▶ _What this task involves_: Each entry that follows is to be duplicated exactly, without its images.

■ ■ ■ ■ ■

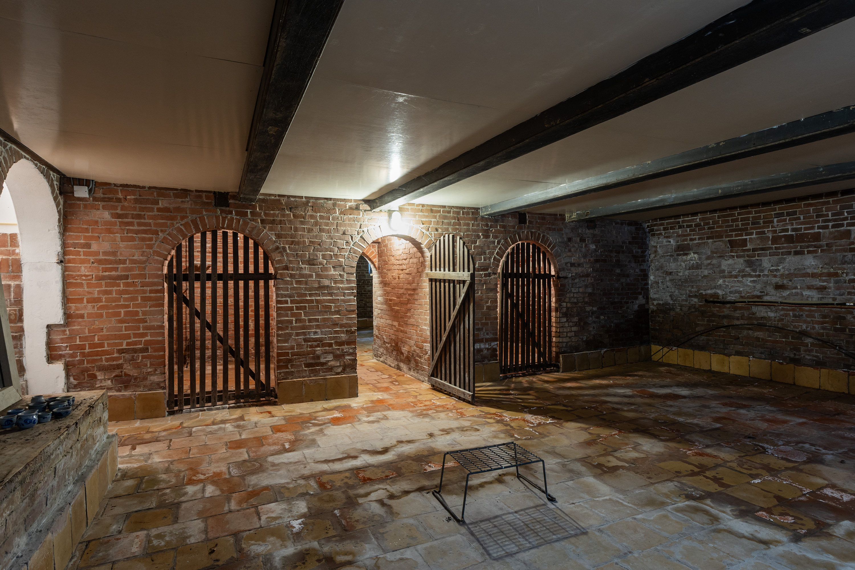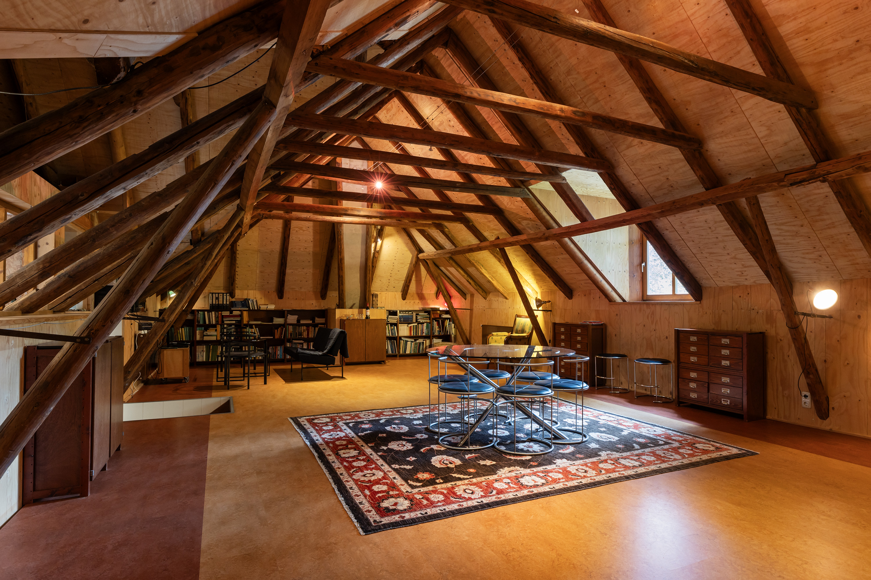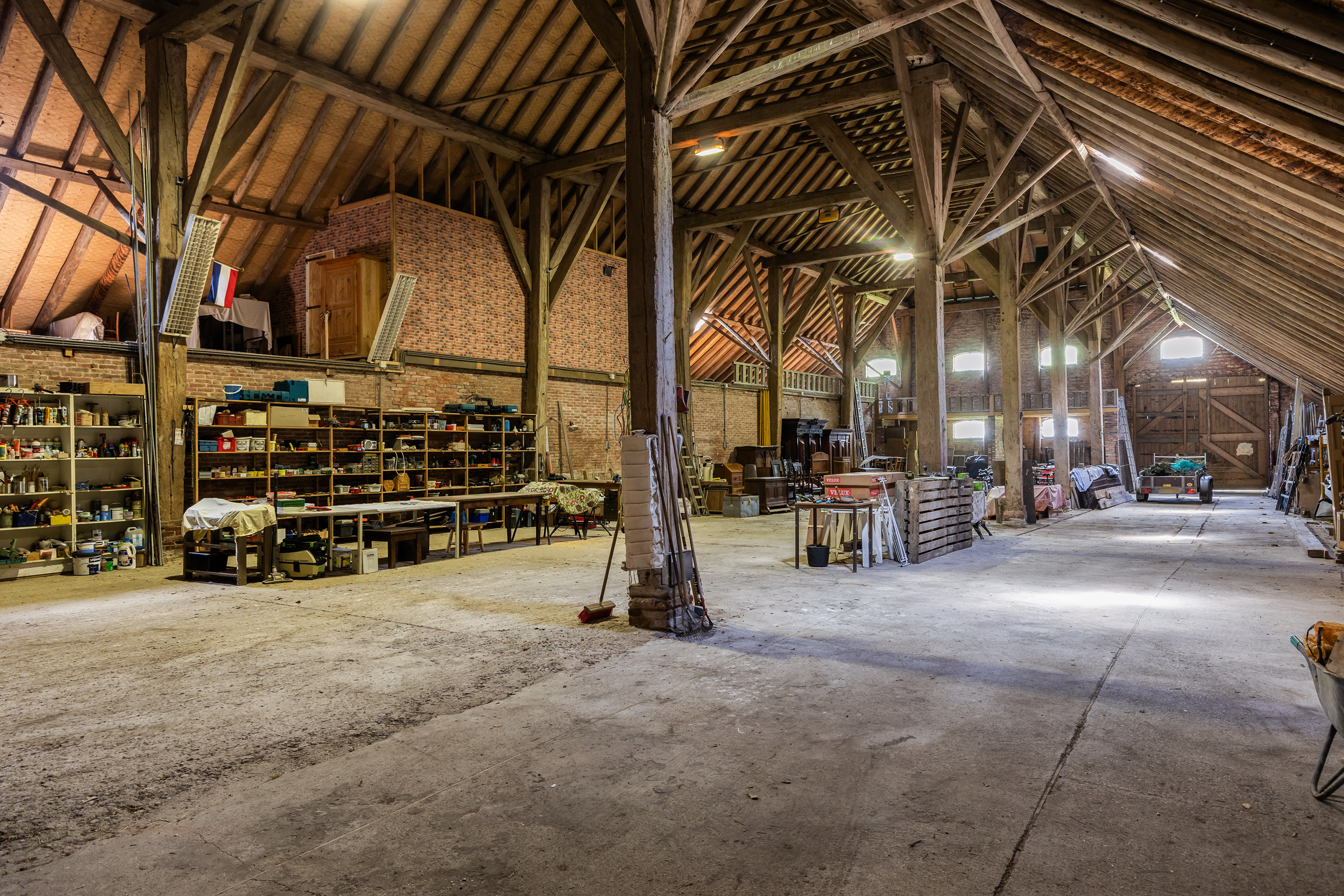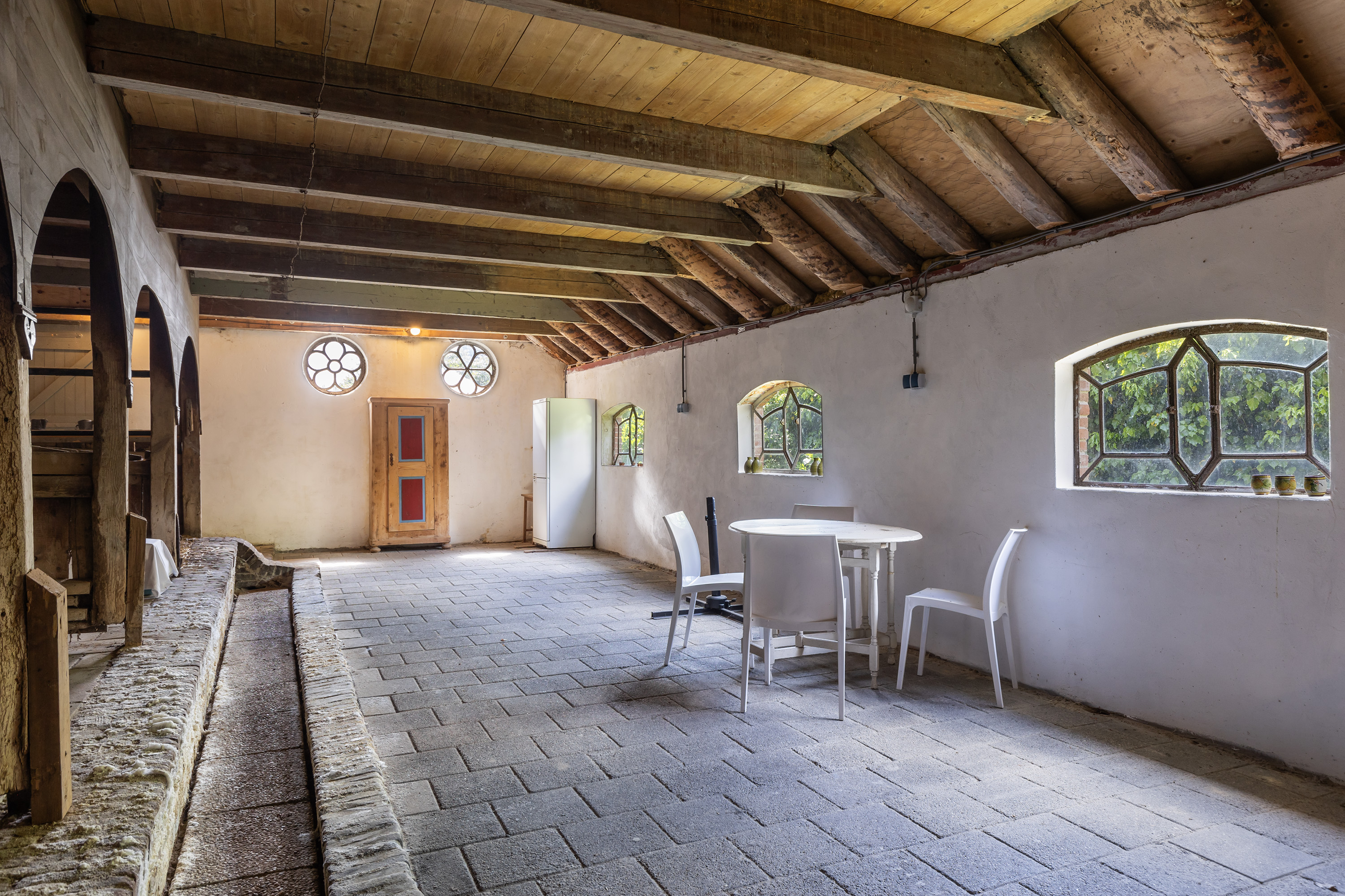 The former rear section has been transformed into a multi-purpose space with exposed brick walls and visible timber beams. Translucent roof panels allow for soft daylight. Currently used as an atelier and reception room, it includes a bar setup, zinc countertops and a seating area — suitable for workshops, exhibitions or intimate events. From here, one can access the courtyard and the adjoining barn.
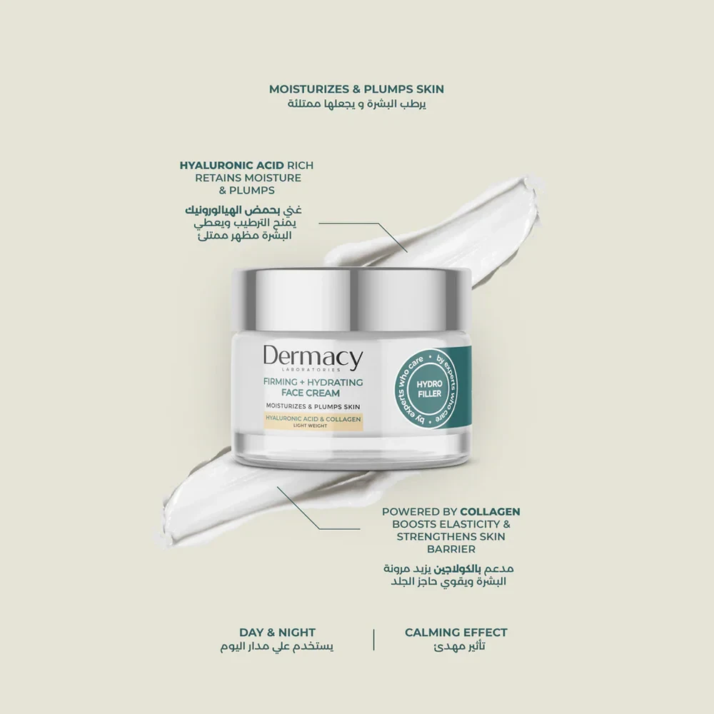 Experience ultimate hydration and strength with this Firming & Hydrating Face Cream from Dermacy Lab. Designed to moisturize and reinforce your skin barrier, its lightweight formula deeply hydrates without greasiness. It firms the skin and imparts a plump, healthy glow, ensuring a refreshed and revitalized complexion.
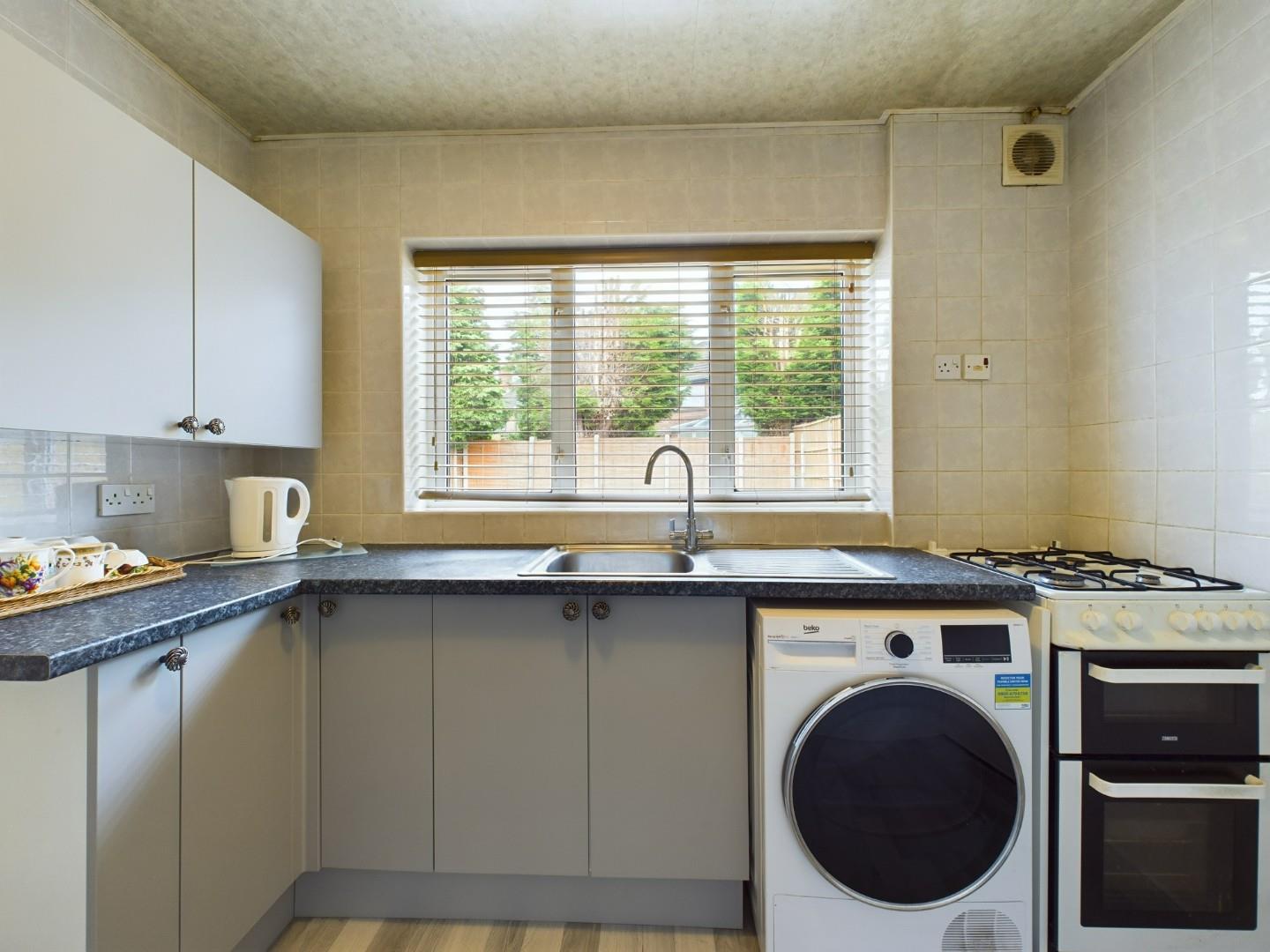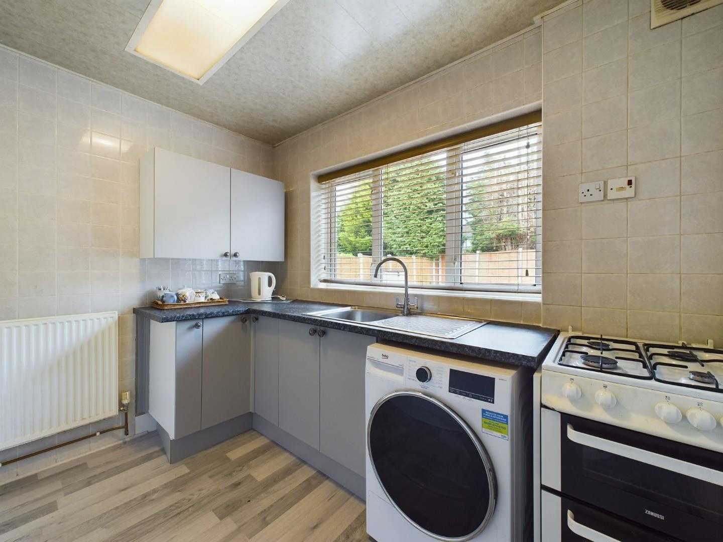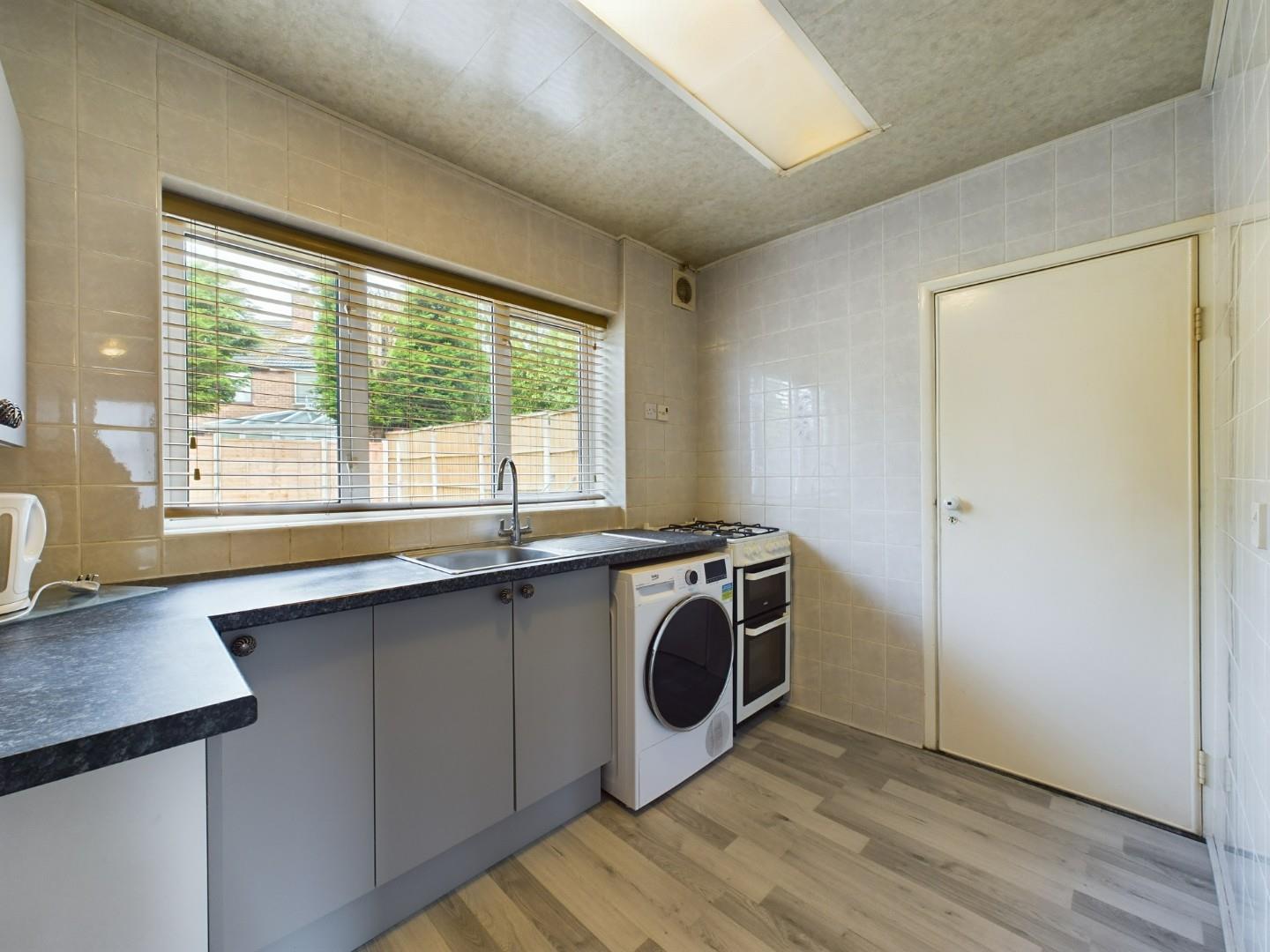 With a range of wall and base units, stainless steel sink with mixer tap, space for laundry machinery, gas outlet point to cooker, a door leading to the garage, a double glazed window to the rear and a central heating radiator
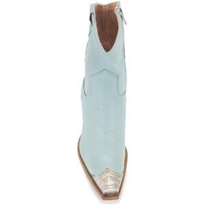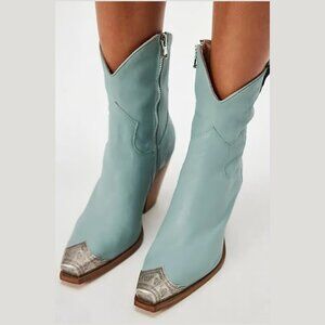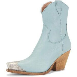 Women's Blue Faux Leather Steel Toe Side Zipper Block Heel Western Ankle Boots
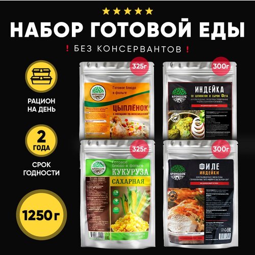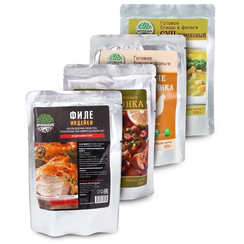 Набор из 4 готовых блюд в реторт-пакете "Кронидов" Цыпленок по-мексикански/Индейка со шпинатом и сыром фета/Кукуруза сахарная в с/с/Филе индейки
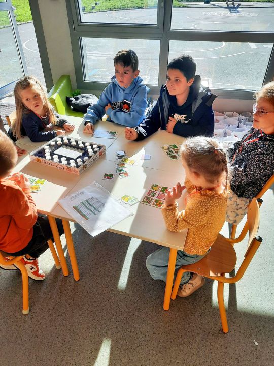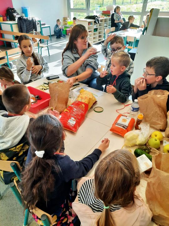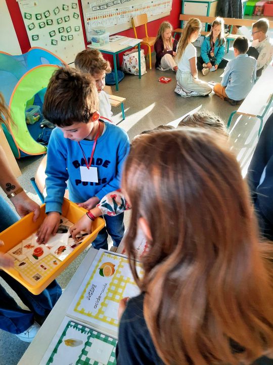 Dans le cadre de la semaine du goût, aujourd'hui nous avons laissé les cartables pour apprendre autrement. 10 ateliers : sentir, toucher, gouter, trier, jouer, créer, cuisiner, collaborer,...étaient proposés du plus jeune au plus grand sur toute la journée. Merci aux parents par leur présence et collaboration (envoi de denrées) et à toute l'équipe pour la préparation de cette journée. Les enfants sont ravis de cette dernière journée avant les vacances.

■ ■ ■ ■ ■

▶ _Task solution_:
 The former rear section has been transformed into a multi-purpose space with exposed brick walls and visible timber beams. Translucent roof panels allow for soft daylight. Currently used as an atelier and reception room, it includes a bar setup, zinc countertops and a seating area — suitable for workshops, exhibitions or intimate events. From here, one can access the courtyard and the adjoining barn.
 Experience ultimate hydration and strength with this Firming & Hydrating Face Cream from Dermacy Lab. Designed to moisturize and reinforce your skin barrier, its lightweight formula deeply hydrates without greasiness. It firms the skin and imparts a plump, healthy glow, ensuring a refreshed and revitalized complexion.
 With a range of wall and base units, stainless steel sink with mixer tap, space for laundry machinery, gas outlet point to cooker, a door leading to the garage, a double glazed window to the rear and a central heating radiator
 Women's Blue Faux Leather Steel Toe Side Zipper Block Heel Western Ankle Boots
 Набор из 4 готовых блюд в реторт-пакете "Кронидов" Цыпленок по-мексикански/Индейка со шпинатом и сыром фета/Кукуруза сахарная в с/с/Филе индейки
 Dans le cadre de la semaine du goût, aujourd'hui nous avons laissé les cartables pour apprendre autrement. 10 ateliers : sentir, toucher, gouter, trier, jouer, créer, cuisiner, collaborer,...étaient proposés du plus jeune au plus grand sur toute la journée. Merci aux parents par leur présence et collaboration (envoi de denrées) et à toute l'équipe pour la préparation de cette journée. Les enfants sont ravis de cette dernière journée avant les vacances.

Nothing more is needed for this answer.